Activity:
Begin at the line below that has "Por otro lado" and stop after the line that has "PFfinancial Setimese Ranking". Please restate only those lines, word for word.

Extracted data:
———

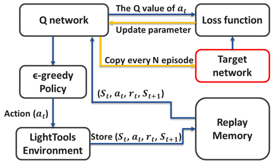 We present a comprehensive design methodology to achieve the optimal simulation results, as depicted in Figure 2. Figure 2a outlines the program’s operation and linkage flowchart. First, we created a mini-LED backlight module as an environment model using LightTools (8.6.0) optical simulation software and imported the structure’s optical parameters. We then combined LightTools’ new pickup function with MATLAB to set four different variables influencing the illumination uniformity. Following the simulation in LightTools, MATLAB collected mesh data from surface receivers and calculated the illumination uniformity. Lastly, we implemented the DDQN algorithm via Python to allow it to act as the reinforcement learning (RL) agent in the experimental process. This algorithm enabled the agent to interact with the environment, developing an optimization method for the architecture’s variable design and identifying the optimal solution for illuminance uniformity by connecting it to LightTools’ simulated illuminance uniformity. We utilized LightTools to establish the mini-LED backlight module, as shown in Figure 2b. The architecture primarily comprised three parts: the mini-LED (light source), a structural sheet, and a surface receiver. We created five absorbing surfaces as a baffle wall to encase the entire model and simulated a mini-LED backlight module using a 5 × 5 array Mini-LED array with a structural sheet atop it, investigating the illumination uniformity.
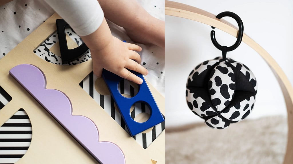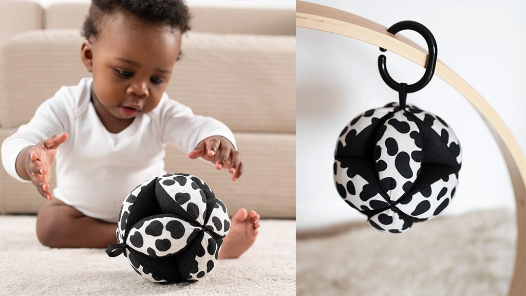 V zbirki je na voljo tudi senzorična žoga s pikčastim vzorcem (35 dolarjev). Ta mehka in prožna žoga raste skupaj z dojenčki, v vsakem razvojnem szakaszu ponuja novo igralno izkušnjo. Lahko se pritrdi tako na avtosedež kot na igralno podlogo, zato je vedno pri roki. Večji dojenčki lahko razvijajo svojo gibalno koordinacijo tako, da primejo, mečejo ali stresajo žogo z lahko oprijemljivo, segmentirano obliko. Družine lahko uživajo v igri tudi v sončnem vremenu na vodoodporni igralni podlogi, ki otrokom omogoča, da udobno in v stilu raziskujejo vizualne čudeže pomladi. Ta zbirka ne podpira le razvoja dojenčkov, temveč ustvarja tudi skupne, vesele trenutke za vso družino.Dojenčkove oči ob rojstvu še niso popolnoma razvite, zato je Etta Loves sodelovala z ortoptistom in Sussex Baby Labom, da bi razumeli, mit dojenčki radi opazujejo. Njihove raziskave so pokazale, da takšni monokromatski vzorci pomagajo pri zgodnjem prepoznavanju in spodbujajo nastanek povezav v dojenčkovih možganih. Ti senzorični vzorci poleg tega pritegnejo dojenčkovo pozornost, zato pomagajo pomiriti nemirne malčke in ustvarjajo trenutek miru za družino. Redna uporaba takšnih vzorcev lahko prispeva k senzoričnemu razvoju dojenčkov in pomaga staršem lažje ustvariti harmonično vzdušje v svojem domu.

———

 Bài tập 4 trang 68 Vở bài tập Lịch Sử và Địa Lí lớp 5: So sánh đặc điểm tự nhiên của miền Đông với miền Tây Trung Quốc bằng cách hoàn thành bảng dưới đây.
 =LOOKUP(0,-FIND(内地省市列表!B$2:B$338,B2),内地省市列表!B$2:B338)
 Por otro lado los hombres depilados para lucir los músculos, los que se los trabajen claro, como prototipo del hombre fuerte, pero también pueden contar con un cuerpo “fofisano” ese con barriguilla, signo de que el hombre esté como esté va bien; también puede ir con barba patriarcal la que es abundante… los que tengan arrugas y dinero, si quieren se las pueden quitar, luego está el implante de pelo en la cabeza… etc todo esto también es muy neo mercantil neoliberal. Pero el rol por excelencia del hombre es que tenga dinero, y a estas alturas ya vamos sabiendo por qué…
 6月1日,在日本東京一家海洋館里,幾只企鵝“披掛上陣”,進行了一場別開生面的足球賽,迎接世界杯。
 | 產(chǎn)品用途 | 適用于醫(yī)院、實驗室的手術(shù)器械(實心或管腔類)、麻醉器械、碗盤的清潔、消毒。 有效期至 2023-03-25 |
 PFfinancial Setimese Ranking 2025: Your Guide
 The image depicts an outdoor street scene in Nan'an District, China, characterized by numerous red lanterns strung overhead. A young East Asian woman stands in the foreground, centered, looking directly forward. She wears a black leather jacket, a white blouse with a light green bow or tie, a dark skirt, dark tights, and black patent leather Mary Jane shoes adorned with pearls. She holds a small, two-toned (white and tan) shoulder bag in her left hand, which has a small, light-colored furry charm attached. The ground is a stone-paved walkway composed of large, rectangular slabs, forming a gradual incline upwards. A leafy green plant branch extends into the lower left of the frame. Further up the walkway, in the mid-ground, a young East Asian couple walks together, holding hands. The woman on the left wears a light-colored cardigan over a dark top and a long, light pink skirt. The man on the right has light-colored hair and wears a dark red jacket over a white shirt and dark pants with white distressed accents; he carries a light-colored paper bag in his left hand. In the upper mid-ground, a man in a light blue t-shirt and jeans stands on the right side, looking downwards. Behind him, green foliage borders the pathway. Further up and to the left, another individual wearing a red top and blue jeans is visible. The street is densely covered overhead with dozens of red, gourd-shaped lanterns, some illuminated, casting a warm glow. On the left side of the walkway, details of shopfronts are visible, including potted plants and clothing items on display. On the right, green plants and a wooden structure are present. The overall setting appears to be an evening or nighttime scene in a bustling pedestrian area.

———

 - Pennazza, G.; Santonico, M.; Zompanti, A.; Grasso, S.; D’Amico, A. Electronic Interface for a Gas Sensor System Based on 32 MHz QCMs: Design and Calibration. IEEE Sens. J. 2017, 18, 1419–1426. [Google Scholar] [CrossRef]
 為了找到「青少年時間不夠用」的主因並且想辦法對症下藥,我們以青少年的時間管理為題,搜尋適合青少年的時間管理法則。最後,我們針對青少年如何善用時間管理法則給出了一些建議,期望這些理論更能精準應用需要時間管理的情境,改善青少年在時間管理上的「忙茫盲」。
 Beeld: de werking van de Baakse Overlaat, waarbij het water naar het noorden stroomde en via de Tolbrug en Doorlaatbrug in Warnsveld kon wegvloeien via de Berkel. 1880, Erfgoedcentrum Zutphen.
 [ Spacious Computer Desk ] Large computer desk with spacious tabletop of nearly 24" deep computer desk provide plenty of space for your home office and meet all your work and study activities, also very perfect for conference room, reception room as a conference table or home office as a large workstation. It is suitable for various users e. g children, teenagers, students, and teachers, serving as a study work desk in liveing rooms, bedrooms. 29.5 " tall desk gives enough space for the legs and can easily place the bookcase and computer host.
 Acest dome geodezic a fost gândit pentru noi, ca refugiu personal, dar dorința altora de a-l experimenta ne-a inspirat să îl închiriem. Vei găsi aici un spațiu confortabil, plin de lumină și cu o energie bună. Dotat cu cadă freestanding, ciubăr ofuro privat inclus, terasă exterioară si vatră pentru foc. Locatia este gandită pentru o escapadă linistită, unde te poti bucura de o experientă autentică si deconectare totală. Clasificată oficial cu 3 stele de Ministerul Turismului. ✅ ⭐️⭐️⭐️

———

Answer for the task:
 Por otro lado los hombres depilados para lucir los músculos, los que se los trabajen claro, como prototipo del hombre fuerte, pero también pueden contar con un cuerpo “fofisano” ese con barriguilla, signo de que el hombre esté como esté va bien; también puede ir con barba patriarcal la que es abundante… los que tengan arrugas y dinero, si quieren se las pueden quitar, luego está el implante de pelo en la cabeza… etc todo esto también es muy neo mercantil neoliberal. Pero el rol por excelencia del hombre es que tenga dinero, y a estas alturas ya vamos sabiendo por qué…
 6月1日,在日本東京一家海洋館里,幾只企鵝“披掛上陣”,進行了一場別開生面的足球賽,迎接世界杯。
 | 產(chǎn)品用途 | 適用于醫(yī)院、實驗室的手術(shù)器械(實心或管腔類)、麻醉器械、碗盤的清潔、消毒。 有效期至 2023-03-25 |
 PFfinancial Setimese Ranking 2025: Your Guide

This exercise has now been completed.